Chief, Molecular Neurobiology Section, National Institute of Mental Health, National Institutes of Health at Bethesda, Maryland.
Mechanisms and actions of mood-stabilizing drugs, and the mechanisms of apoptosis and its implications in neuropsychiatric and neurological diseases
Research goals: Investigation of the mechanisms and actions of mood-stabilizing drugs as well as the mechanisms of apoptosis and its implications in neuropsychiatric and neurological diseases.
Dr.
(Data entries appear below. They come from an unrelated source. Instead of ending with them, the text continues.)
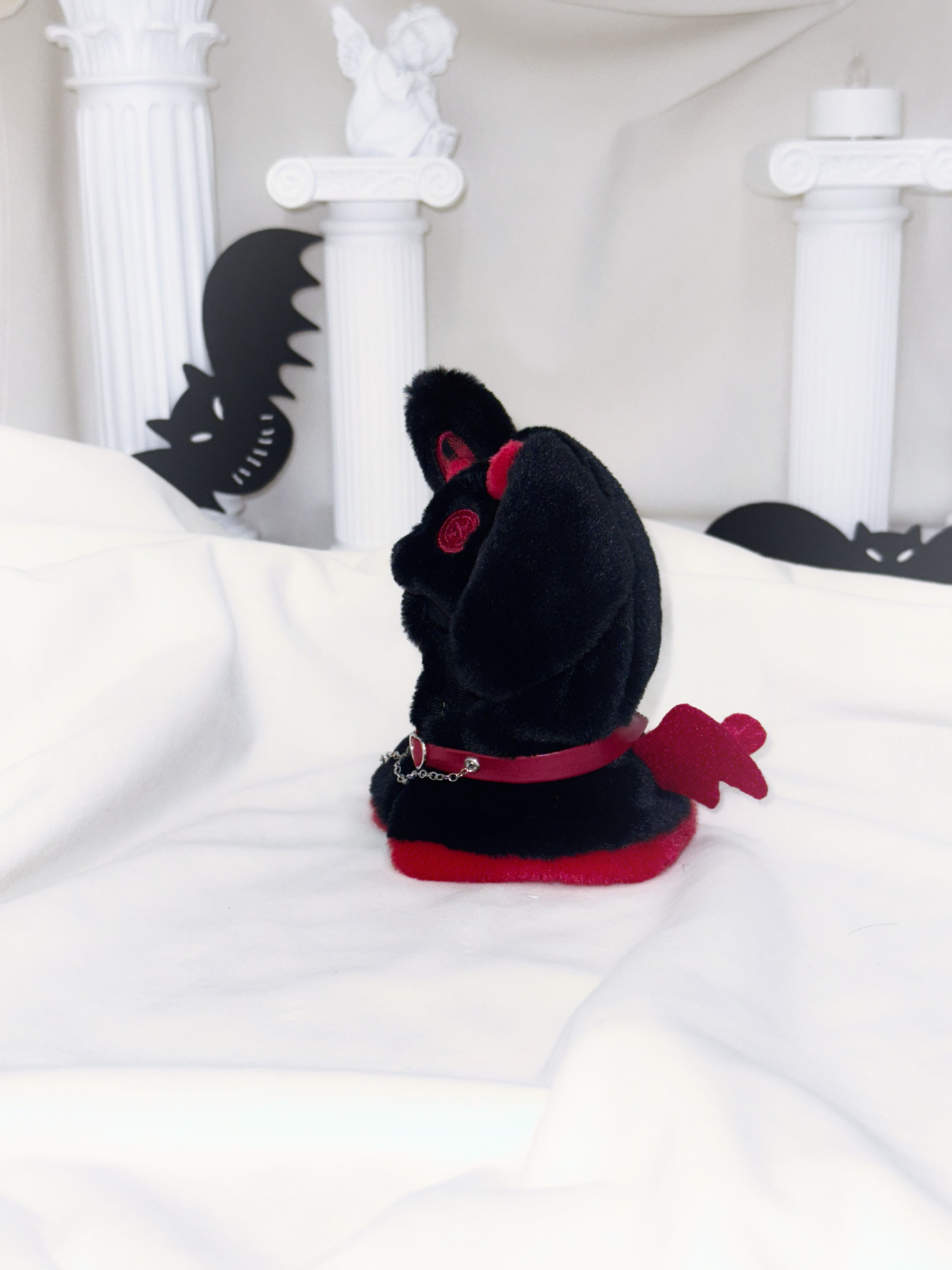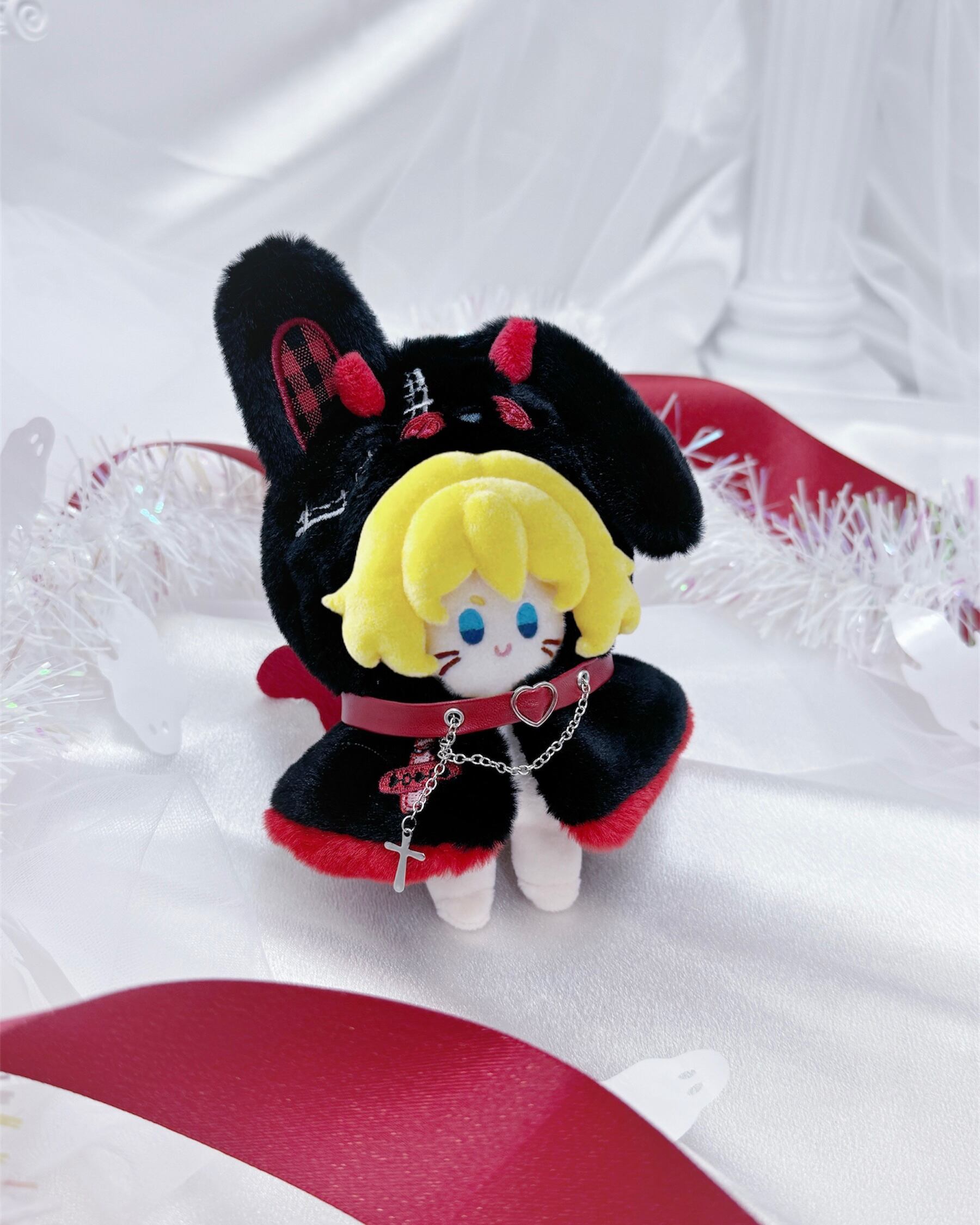 うさ耳フードには小さな悪魔角をデザイン。さらに首もとには、十字架とハートチャームを組み合わせたチェーンチョーカー付き。ダークな雰囲気の中に、可愛らしいきらめきを添えました。
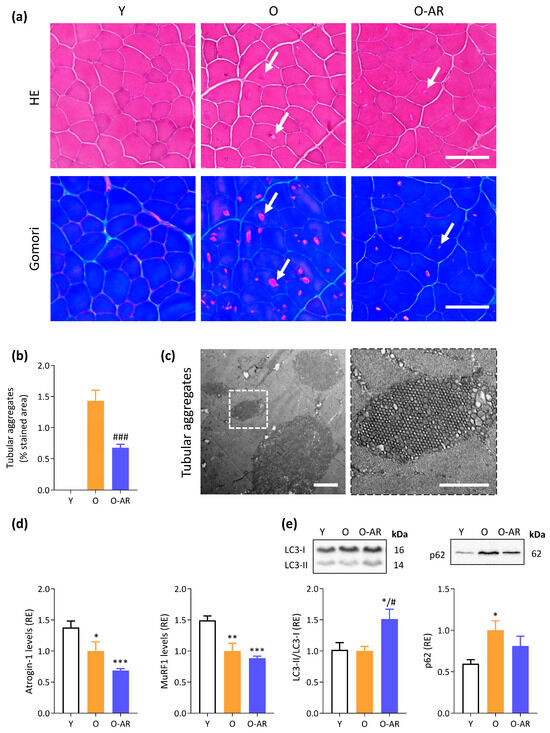 AdipoRon reduces age-related accumulation of tubular aggregates (TAgs). (a) TAgs (indicated by arrows) appear as pale or slightly basophilic inclusions with hematoxylin–eosin (HE) and bright pink ones with Gomori Trichrome on serial transversal cross-sections of TA from the three groups of mice (Y, O, and O-AR). Scale bars = 100 µm. (b) Quantification of TAg abundance after Gomori Trichrome was expressed as a % of stained area (i.e., bright pink inclusions areas normalized to the cross-sectional area of the muscle). (c) Characteristic honeycomb appearance of TAgs by transmission electron microscopy. Scale bar = 2 µm, Inset: higher magnification of a honeycomb TAg (scale bar = 1 µm). (d) Protein levels of Atrogin-1 and MURF1 were measured by ELISA. (e) LC3-II/LC3-I ratio and p62 were analyzed by Western blotting. p62 levels were normalized to Ponceau S staining (shown in Figure S4c,d). Results are presented as relative expression compared to O values (d,e). Data are means ± SEM for 6 Y, 6 O, and 9 O-AR. Statistical analysis was performed using unpaired two-tailed t-test to compare O and O-AR (b) or one-way ANOVA followed by Tukey’s test to compare the 3 groups of mice (d,e). * p < 0.05, ** p < 0.01, *** p < 0.001 vs. Y mice. # p < 0.05, ### p < 0.001 vs. O mice.
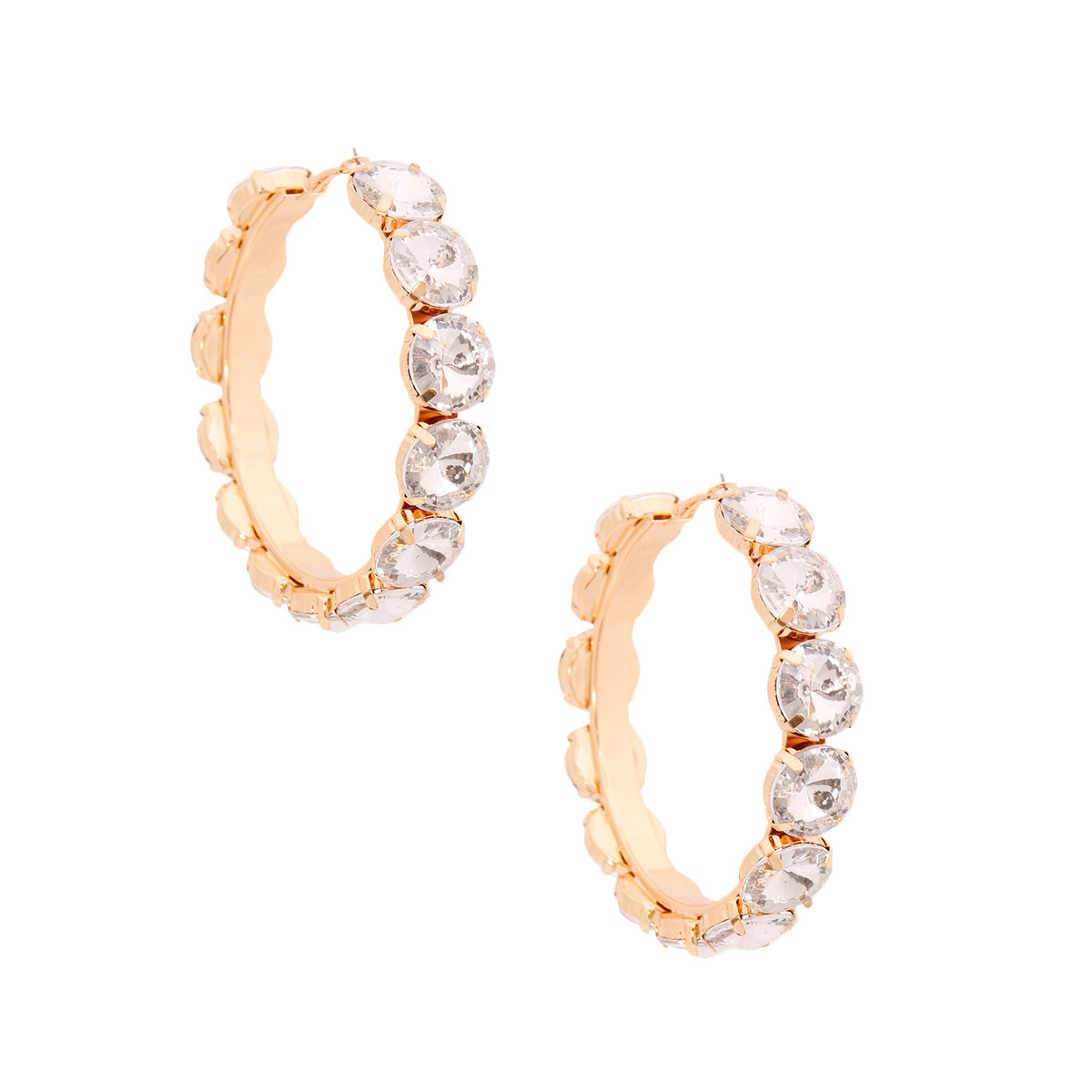Gold Metal Hoop Earrings Featuring Chunky Clear Round Crystal Detailing
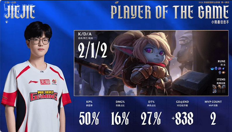 Jiejie波比打出2/1/2战绩,拿到WBG对阵JDG次局比赛MVP
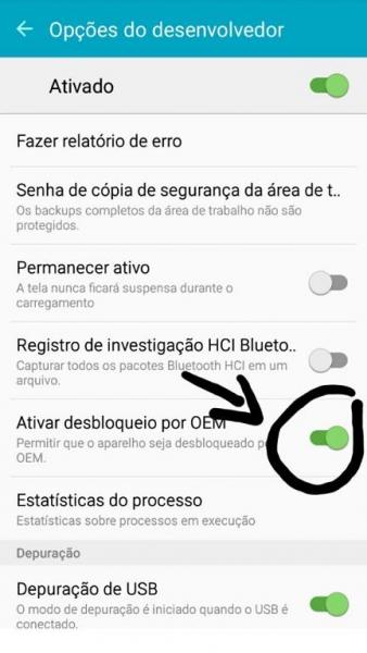 2- Após passar, entrar em configurações e habilita o "DESBLOQUEIO DE OEM " após habilita-lo.
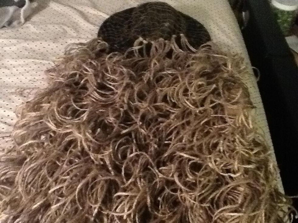 With the hat, you want the jute to hang down enough to cover your neck on all sides but the front, with shorter strands by your ears, and just enough to cover the brim of the hat for the front.
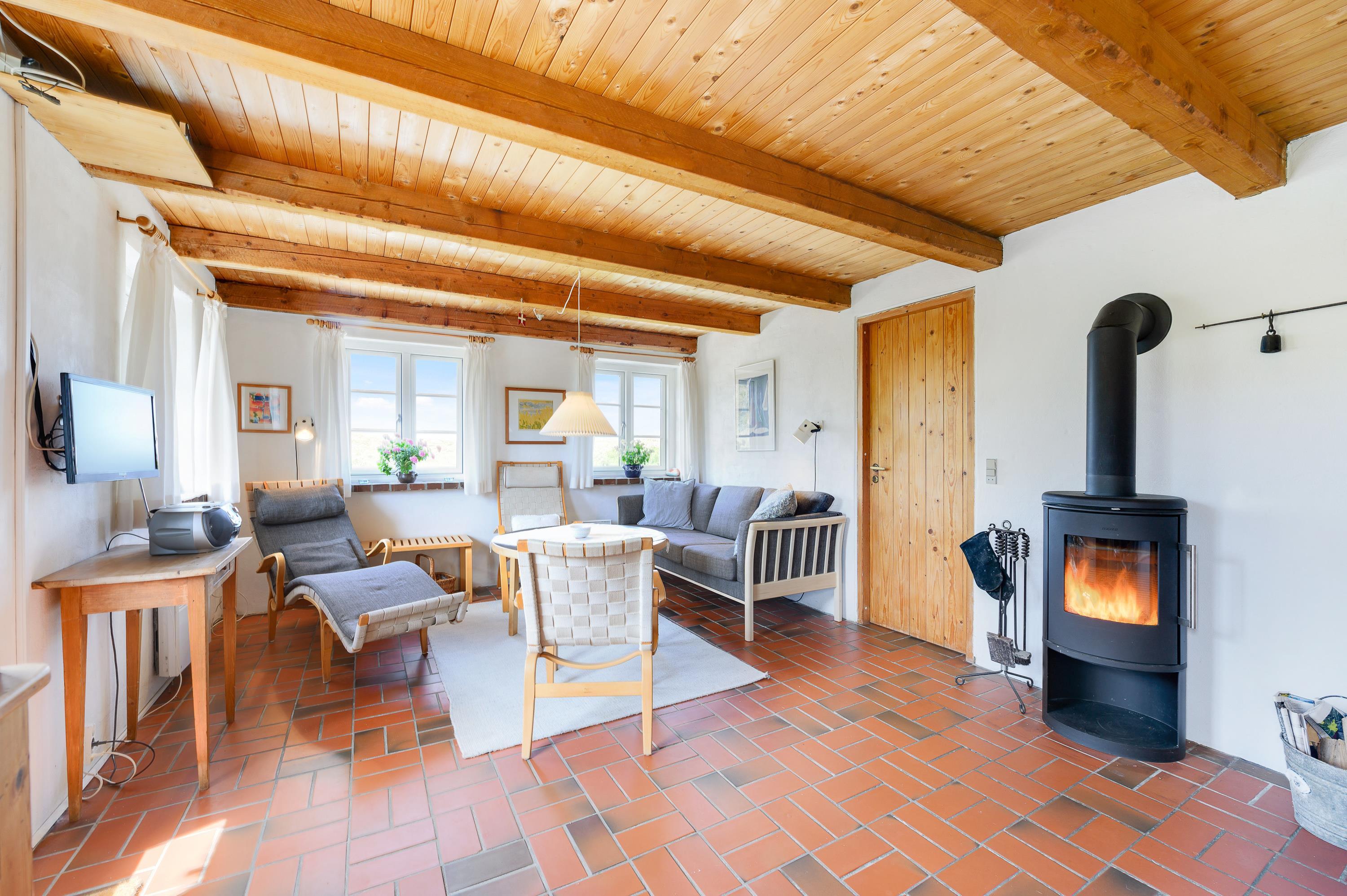 This welcoming brick-built holiday home is ideal for a relaxing holiday, including with a dog if you wish. The living room features exposed ceiling beams and a lovely wood-burning stove, creating an authentic, traditional holiday cottage atmosphere. An energy-efficient heat pump is also available for heating.
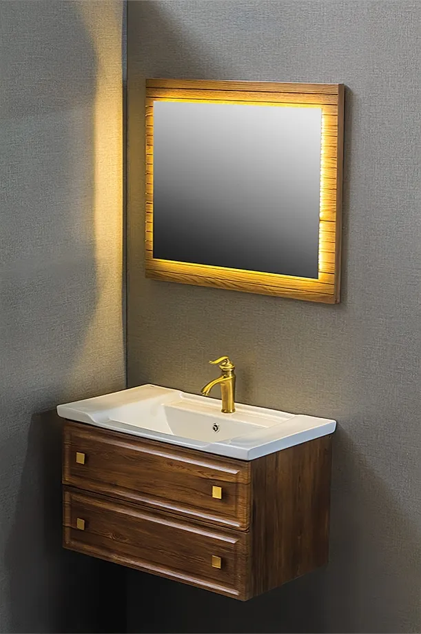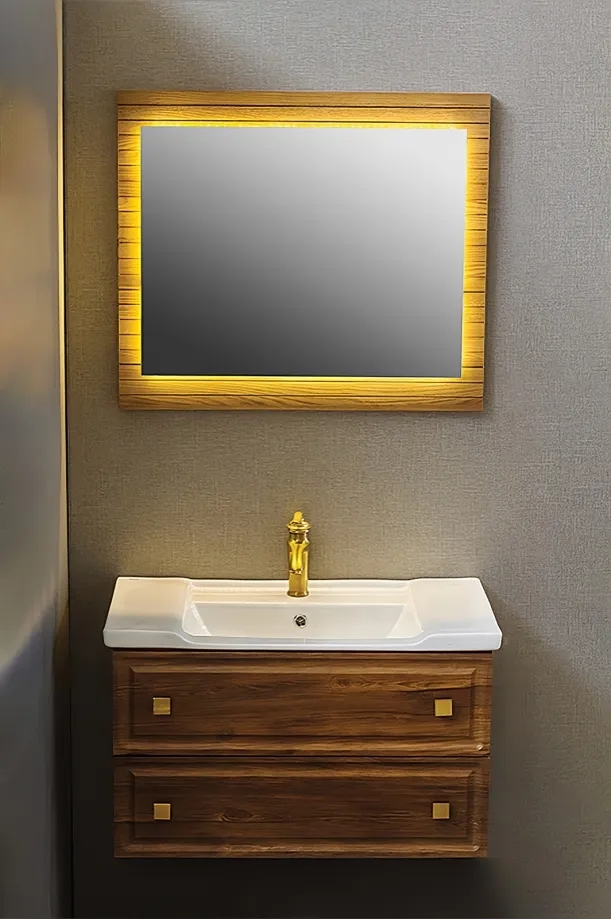 آینه تاچ LED دار، جلوهای مدرن و نورپردازی ملایم به فضای سرویس میبخشد و استفاده روزمره را سادهتر میکند. بدنه ضد آب و اتصالات ضد زنگ، طول عمر و ماندگاری محصول را تضمین میکنند. همچنین، قابلیت سفارشیسازی رنگ و ابعاد کابینت و آینه، این روشویی را برای انواع فضاها انعطافپذیر میسازد.

Chuang's laboratory has provided the first evidence that the mood-stabilizer lithium robustly protects CNS neurons from glutamate-induced excitotoxicity. His group also identified potential mechanisms underlying lithium neuroprotection, which include inactivation of NMDA receptors, activation of cell survival pathways, up-regulation of anti-apoptotic genes, and down-regulation of pro-apoptotic genes. His team also demonstrated that lithium reduces brain damage in rodent models of stroke and a rat excitotoxic model of Huntington's disease. In addition, Dr. Chuang and his collaborators have documented that glyceraldehydes-3-phosphate dehydrogenase (GAPDH), sometimes referred to as a house keeping gene, is in fact involved in the occurrence of neuronal apoptosis and could be linked to the pathogenesis of certain neurodegenerative diseases.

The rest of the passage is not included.